Housing prices are widely regarded as the outcome of multiple factors related to structural features, location situations and the neighbourhood effects. The spatial configuration has been demonstrated in housing studies due to its role in capturing centrality across scales delivered by the order of public space that is of the cores for urban planning (Shen and Karimi, 2016). Thus, this study also used street network data (from https://openstreetmap.org) to calculate two types of centrality metrics (Integration and Choice) at multiple spatial scales, following space syntax theory (Hillier et al., 2012; Shen and Karimi, 2017), to describe the locational accessibility of housing units. In addition, neighbourhood-level service amenities were measured using the network distance to the points-of-interest (POIs), including metro and bus stations, kindergartens, and other public facilities. To quantify the contribution of different housing characteristics, we employ a hedonic pricing model to estimate their implicit values, providing an empirical basis for analysing the underlying mechanisms of price formation. The model specification and all variables used are detailed in the Supplemental Material.
Results
Validation of natural submarket segmentation
Sensitivity analysis of the key parameters (p, r, and s) indicates that the segmentation results are stable across reasonable parameter ranges (see Table S2 and Table S3). To further validate the submarket delineation, we examine whether segmentation produces significant differences in price levels and formation structures using three complementary strategies (see Supplemental Material). First, the Chow test is used to assess whether segmentation leads to statistically significant differences in price structures. Second, heterogeneity in the effects of housing attributes is examined by testing the significance of interaction terms between submarket dummies and housing attributes in the hedonic model.

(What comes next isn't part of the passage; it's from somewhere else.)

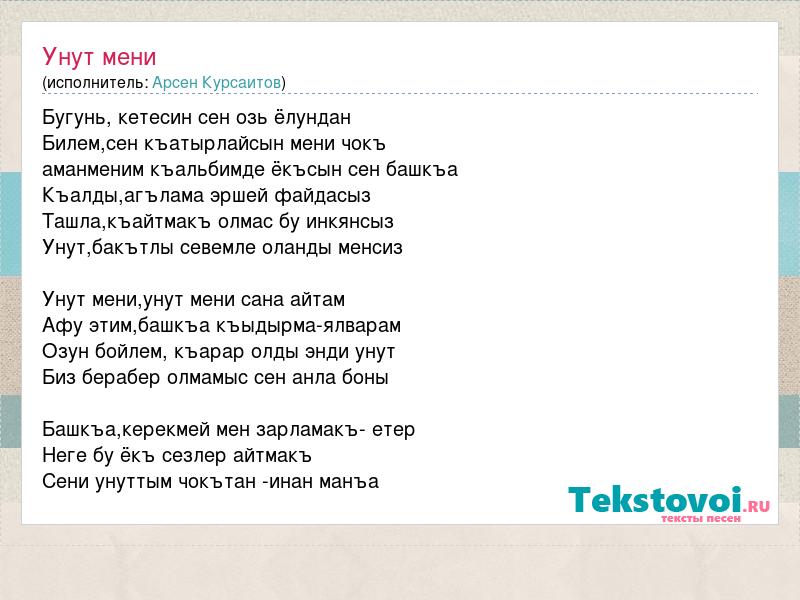 Бугунь, кетесин сен озь ёлундан Билем,сен къатырлайсын мени чокъ аманменим къальбимде ёкъсын сен башкъа Къалды,агълама эршей файдасыз Ташла,къайтмакъ олмас бу инкянсыз Унут,бакътлы севемле оланды менсиз Унут мени,унут мени сана айтам Афу этим,башкъа къыдырма-ялварам Озун бойлем, къарар олды энди унут Биз берабер олмамыс сен анла боны Башкъа,керекмей мен зарламакъ- етер Неге бу ёкъ сезлер айтмакъ Сени унуттым чокътан -инан манъа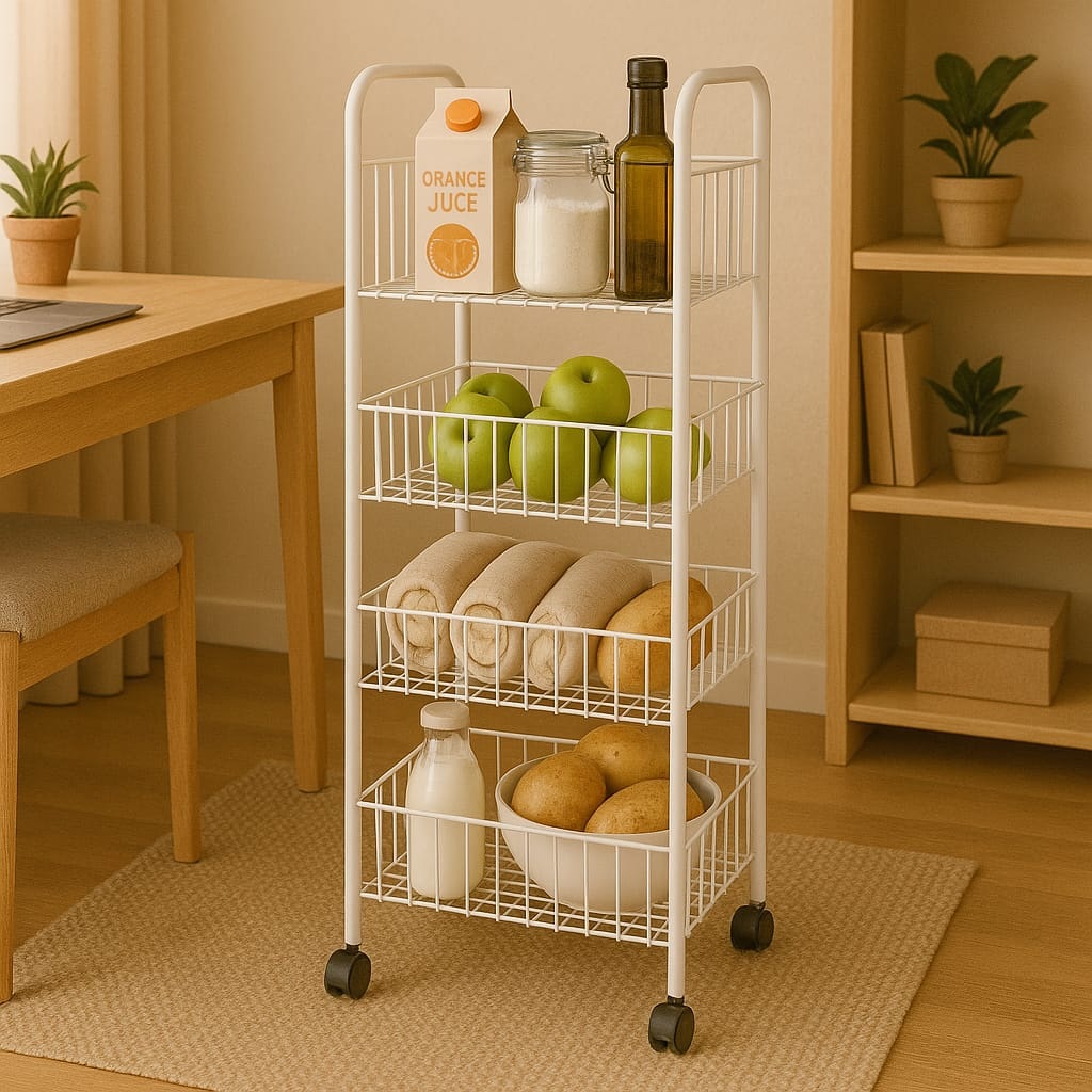 Organizador con ruedas de metal 4 estantes 36x77x23 cm

Third, we report the RMSE of the hedonic models for each segmentation scheme.
Across the examined cities, the three segmentation methods show clear performance differences (Table S4). The traditional HT approach performs worst across all metrics, with low mean values for the significance of submarket differences (0.320) and attribute variability (0.080), as well as the highest RMSE (0.454), indicating limited capacity to capture underlying housing structures. NHT substantially improves structural differentiation (1.000 and 0.509) and moderately reduces RMSE (0.449), though some segmentations remain ambiguous. In contrast, the proposed NS method achieves the best performance, with strong structural indicators (1.000 and 0.545) and the lowest RMSE (0.375), demonstrating its superior capacity to capture market structures by jointly reflecting price distributions and pricing relationships.

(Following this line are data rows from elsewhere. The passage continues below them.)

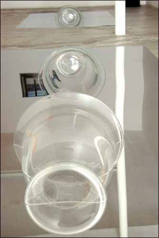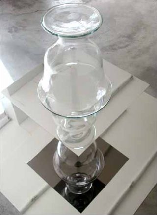 Quand intervient l’objet-simulacre, tout se brouille. L’objet-simulacre de la symétrie, c’est avant tout le miroir qui renvoie une image inversée — mais néanmoins fidèle — du même. Pour mettre à mal nos habitudes visuelles, l’artiste place des vases de verre tronqués sur des miroirs en acier poli (Swimmer, 2002). L’impression est saisissante : nos repères se brouillent face au double jeu du reflet et de la transparence. Les vases sont comme disposés à la surface d’une mare limpide qui en engloutirait une partie.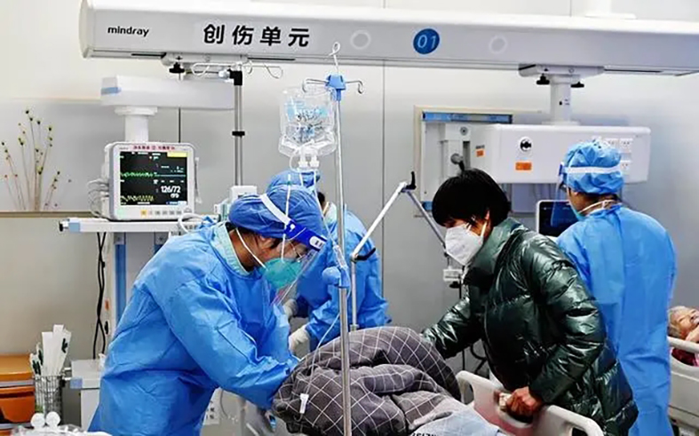 12月7日“新十条”出台之后,该院迅速把工作重心从防控感染转到医疗救治上来,“保健康、防重症”。发热门诊,应开尽开,诊室从9间扩大到达到53个诊位。发热门诊最高峰每天100多人次,内科系统和外科系统联合救治,加强综合重症医学科、专科重症病区及可转化重症床位人员及设备配置,实有重症床位214张,可转化重症床位74张。成立重症救治专家组,建立重症患者会诊机制,每日召开医疗救治调度会,畅通急诊绿色通道,急诊患者应收尽收”“应治尽治”,急诊高峰时达200多人次。2022年12月10日至2023年1月6日,不到1个月,共收治住院患者3579人次。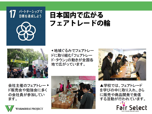 独自の有機バイオダイナミック農法により、環境に配慮した持続可能な農業を行い、品質の良い作物を育てています(スリランカ) 有機性廃棄物の再資源化や化学物質の適切な使用についてのトレーニング、輸出規制や販路開拓のためのトレーニングなどが行われています(タイ) 国家の貧困削減プログラムとして、マラウイの政府と砂糖製糖会社の共同によりフェアトレード砂糖生産者組合KCGが設立されました(マラウイ)。 日本で二番目のフェアトレードタウンになった名古屋市のイベント。熊本市・名古屋市・逗子市など、街ぐるみでフェアトレードに取り組むフェアトレードタウンの動きが広まっています。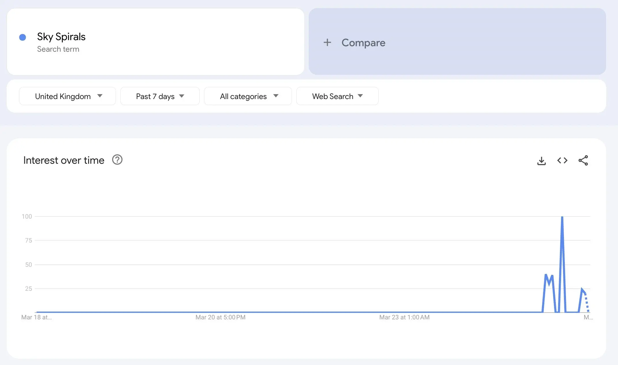 The bizarre sight led to many people taking to social media to ask what the swirls could be. In fact, Google Trends shows a huge spike in searches from UK users regarding "sky spirals":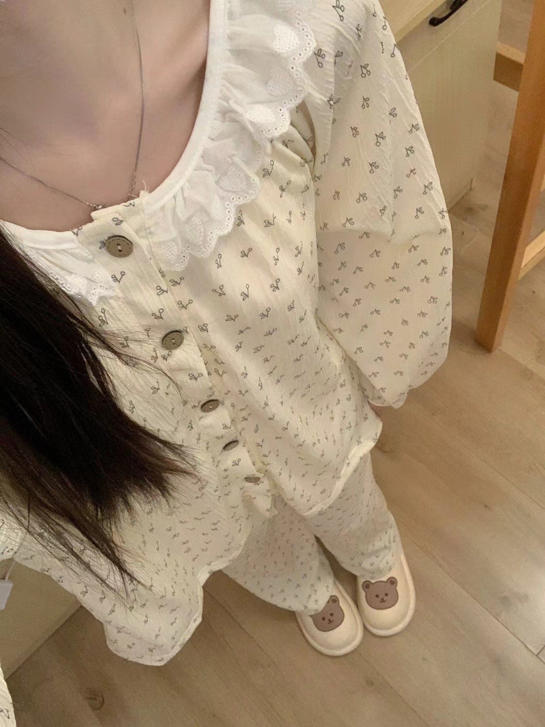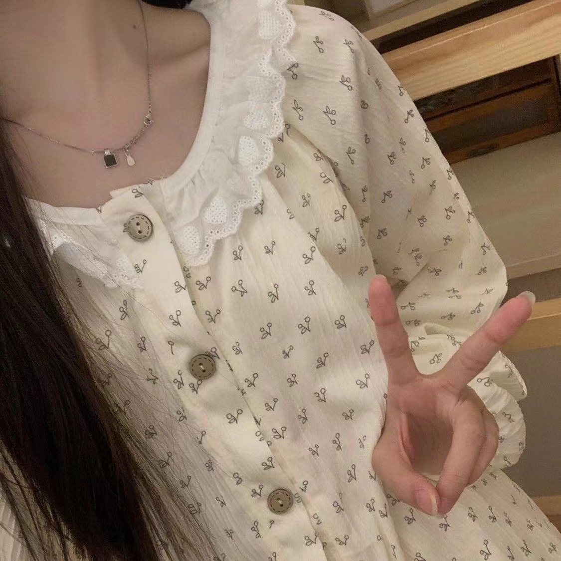 잠옷 여성의 봄과 가을 얇은 인 스타일 레이스 꽃 틈새 디자인 느슨한 한국 스타일 달콤한 긴 소매 홈 웨어스토어 가기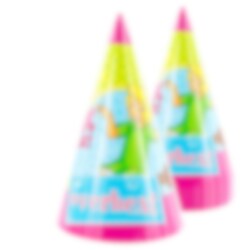 10 lustige Partyhüte mit Motiven von Bibi Blocksberg. Die Hüte bestehen aus Papier und werden mit einem Kordelzug befestigt.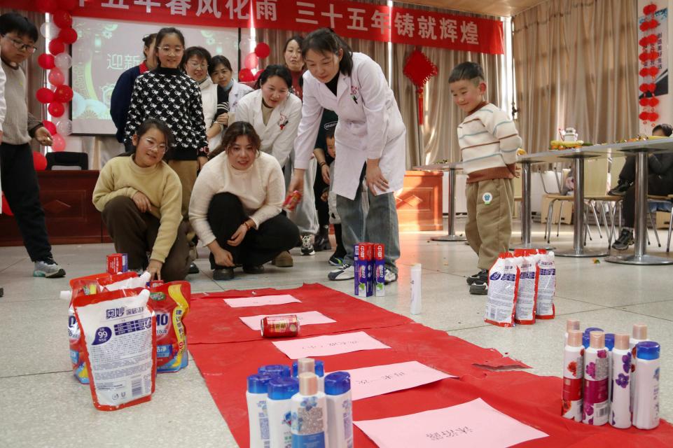 新年伊始,万象更新。1月22日,综合门诊部组织开展迎新春系列活动。活动现场,处处洋溢着浓浓的年味,随着欢快的音乐,活动正式拉开帷幕。“滚滚乐”游戏区域,热闹非凡,职工带着孩子们排着队,个个跃跃欲试。他们小心翼翼地操控着滚动的道具,目光紧紧追随道具的轨迹,丝毫不敢懈怠。每当道具顺利到达所设奖品区域,现场便爆发出热烈的欢呼声和掌声;此外,听指令、单手翻纸杯、抢凳子、掼蛋等游戏也各具特色,大人小孩踊跃参与,沉浸在节日的欢乐之中。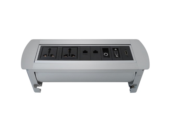 Manual Series rotatable tabletop socket is mainly used in advanced office, hotel and home, training room, lecture room. Tabletop socket could be used with other installation surrounding together. When power with the desktop power socket, the indicator light is power on, product come to working sation. Press the up/ down switch, all the multi-functional sockets could be rotate 180 degree to whatever position as needed. All configuration on desktop socket could be hidden under table if unused and would be rotating into the tabletop by automatically.

To further assess potential overfitting introduced by the merging procedure, we conduct out-of-sample validation (see Figure S2). The results show that the NS-based segmentation maintains consistent explanatory power in the test set without systematic inflation relative to the training results, suggesting that the observed improvement reflects a more generalizable representation of underlying housing market structures rather than overfitting.

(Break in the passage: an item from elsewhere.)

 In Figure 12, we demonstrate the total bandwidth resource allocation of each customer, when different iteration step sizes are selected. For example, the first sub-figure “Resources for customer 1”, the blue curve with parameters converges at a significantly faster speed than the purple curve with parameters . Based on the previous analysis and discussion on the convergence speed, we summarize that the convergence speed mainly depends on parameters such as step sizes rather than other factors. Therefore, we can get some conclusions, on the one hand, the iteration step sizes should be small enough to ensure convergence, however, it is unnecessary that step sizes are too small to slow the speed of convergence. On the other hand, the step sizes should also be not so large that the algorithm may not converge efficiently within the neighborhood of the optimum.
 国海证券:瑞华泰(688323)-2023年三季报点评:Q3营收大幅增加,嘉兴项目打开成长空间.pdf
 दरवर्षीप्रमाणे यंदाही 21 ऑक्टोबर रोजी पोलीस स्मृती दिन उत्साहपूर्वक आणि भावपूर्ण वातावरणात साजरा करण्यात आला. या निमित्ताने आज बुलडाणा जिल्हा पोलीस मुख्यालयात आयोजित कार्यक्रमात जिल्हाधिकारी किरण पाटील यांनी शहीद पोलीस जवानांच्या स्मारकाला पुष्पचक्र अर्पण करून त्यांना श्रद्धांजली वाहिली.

Figure 3 compares the spatial segmentations and scaling fits of the three methods. While HT captures price hierarchies, it produces fragmented areas with limited coherence. NHT improves this by yielding contiguous divisions that better align with urban morphology. NS further integrates these hierarchies with consistent pricing determinants, producing stronger spatial clustering and clearer boundaries. This highlights that NS does not merely reduce hierarchical levels, but delineates statistically robust and economically interpretable submarkets. Spatial segmentation, rank–size fitting, and size distribution of HT, NHT, and NS in Shanghai.
Size distributions further illustrate these contrasts. HT and NHT leave numerous minor, fragmented divisions, whereas NS achieves clearer consolidation (e.g. merging NHT2 and NHT5 into NS2). Importantly, housing prices within NS areas continue to follow the scaling law with improved fit quality – most notably in NS2 relative to its pre-merged counterparts. This demonstrates that the merging process preserves the intrinsic scaling properties (see Figure S4 for other cities).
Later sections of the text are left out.